[About this task]: In the data below, repeat the line containing "LoveShackFancy Target Estelle" and every following line exactly, up to and including the last line. Exclude pictures.

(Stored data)
+++++

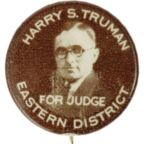 <B>Classic Harry Truman for District Judge 7/8" Button.</B></I> This great 1920s issue is one of the most popular Truman rarities among collectors, and appears less and less frequently on the market in recent years. Choice condition.
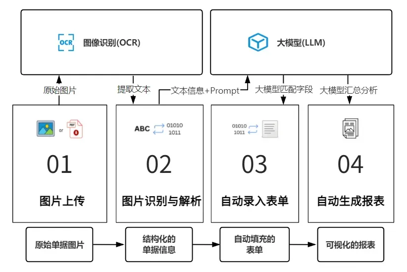 依托 OCR+LLM 协同架构:OCR 完成图像预处理与字符识别,输出非结构化文本;LLM 执行实体抽取,将文本转化为含业务字段的结构化键值对数据。输入原始图像,输出结构化数据集合。
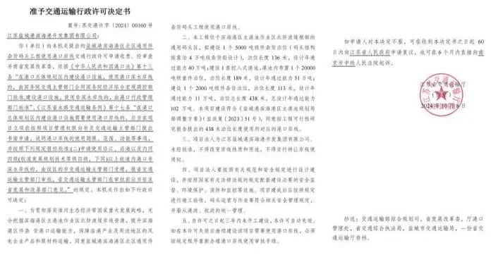 濱海港北區通用件雜貨碼頭工程取得省交通運輸廳港口岸線使用許可
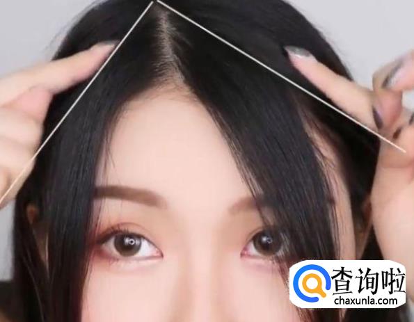 先把耳朵往上到头顶、耳前的发丝都拉出来,通常空气刘海的区块只在中间正三角,但咱们这款刘海的角度要再大一点,发量约耳前一小束的量。
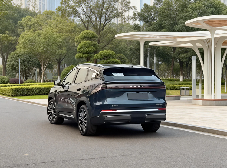 第一眼看到实车图,大家有没有觉得很眼熟?没错,它很有银河M9的影子。相比于现在很多车那种棱角分明的“直男审美”,M7走的是圆润饱满的路线。尤其是那个封闭式前脸和贯穿式灯带,视觉上把车头拉得很宽。
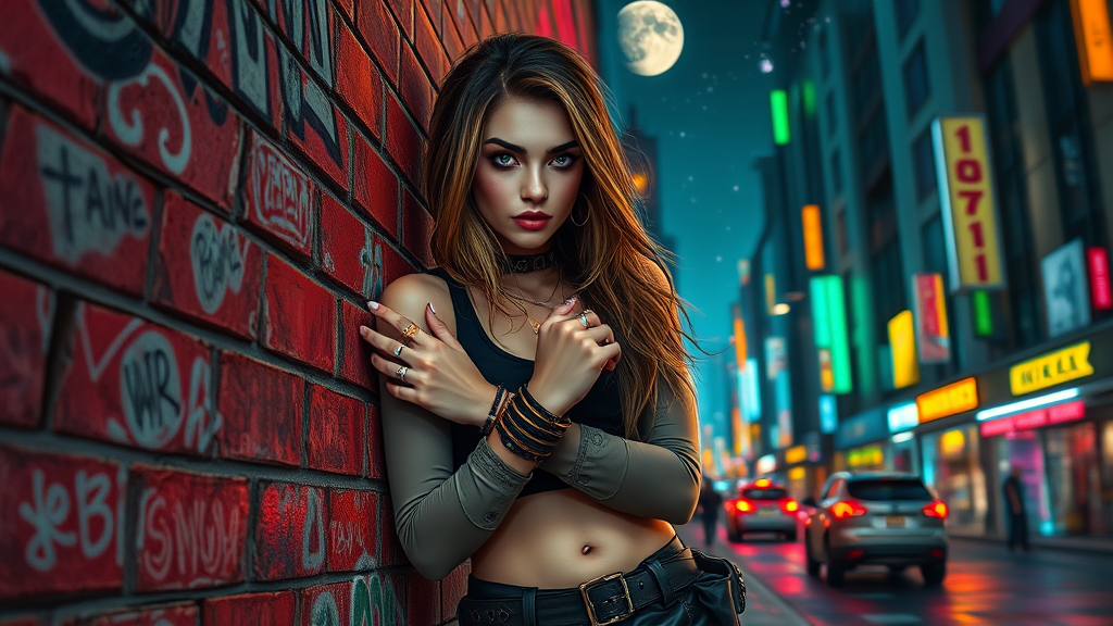 A vibrant full-body portrait of a cyberpunk woman leaning against a graffiti-adorned brick wall in the heart of a buzzing futuristic city street at night. The scene is illuminated by the kaleidoscope of city lights and colored lighting, while the stars and moon subtly glimmer in the sky. The woman has a detailed symmetrical face featuring a captivating scowl, accompanied by long, flowing hair. Her look is distinctly punk, with reflective eyes and artful makeup. The woman wears long sleeves and various bracelets, and her fingers are decorated with many rings. She has ear piercings and sports a bold face tattoo. Her ensemble includes bulky, muddy boots, fitting her alt-girl vibe perfectly. Intricate chiaroscuro and rim lighting add depth to the dramatic lighting of the scene. The inspiration draws from professional majestic impressionism, reminiscent of artists like Waterhouse and John Constable, and nods to the storytelling of Studio Ghibli, channeled through the stylistic lens of creators like Makoto Shinkai and Jeremy Mann. This piece is meant to be a trending masterpiece on platforms like ArtStation and CGSociety. The mixed-media aesthetic draws from high detail and dramatic compositions, intentionally avoiding any exaggerated or surreal distortions while maintaining the integrity of punk and cyberpunk themes.
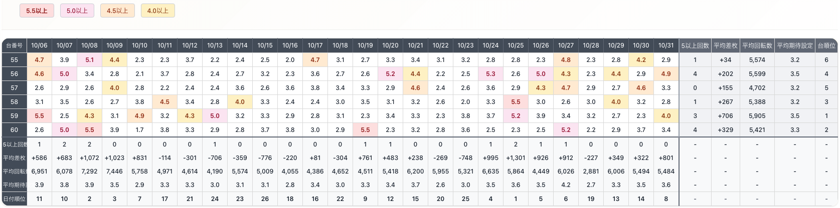 表の一番右側の列が期待できる台のランキングになります!
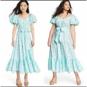 LoveShackFancy Target Estelle Dress in Blue Floral Print Size 14 MISSING BELT
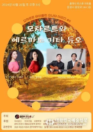 대한민국예술신문 관리자 기자 | 클래식 한스푼이 주최하는 기획공연 모차르트 바이올린 소나타 시리즈6 '모차르트와 에르마노 기타 듀오'가 오는 10월 26일 토요일 오후 5시 클래식한스푼 아트홀에서 펼쳐진다. (문경시 중앙로 144, 3층 소재)
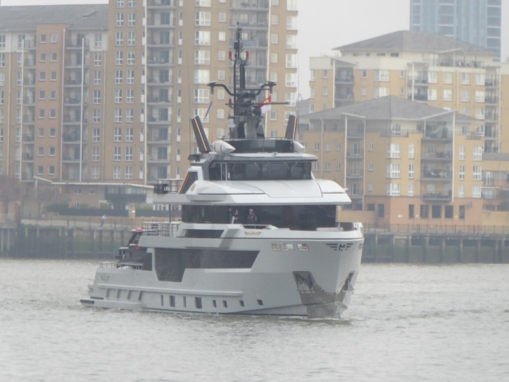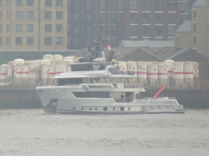 * romagic. 25 *Click a Photo Above   once Big, click Right    Arrow in corner >   to start Slide Show   or Fast F/FW  > Lt Pete Maverick Mitchell L:44.33x8.6m (145x28ft+) The First Super Yacht  to visit London 2025 Wednesday 26 March 09:18am this Yacht arrived at the 02 Dome going to Tower Bridge. Lift 09:07 sounding it's horn on arrival, then turned around and at 09:40 came back and moored at George's Stairs opposite the restaurants.

+++++

[Solution to this task]:
 LoveShackFancy Target Estelle Dress in Blue Floral Print Size 14 MISSING BELT
 대한민국예술신문 관리자 기자 | 클래식 한스푼이 주최하는 기획공연 모차르트 바이올린 소나타 시리즈6 '모차르트와 에르마노 기타 듀오'가 오는 10월 26일 토요일 오후 5시 클래식한스푼 아트홀에서 펼쳐진다. (문경시 중앙로 144, 3층 소재)
 * romagic. 25 *Click a Photo Above   once Big, click Right    Arrow in corner >   to start Slide Show   or Fast F/FW  > Lt Pete Maverick Mitchell L:44.33x8.6m (145x28ft+) The First Super Yacht  to visit London 2025 Wednesday 26 March 09:18am this Yacht arrived at the 02 Dome going to Tower Bridge. Lift 09:07 sounding it's horn on arrival, then turned around and at 09:40 came back and moored at George's Stairs opposite the restaurants.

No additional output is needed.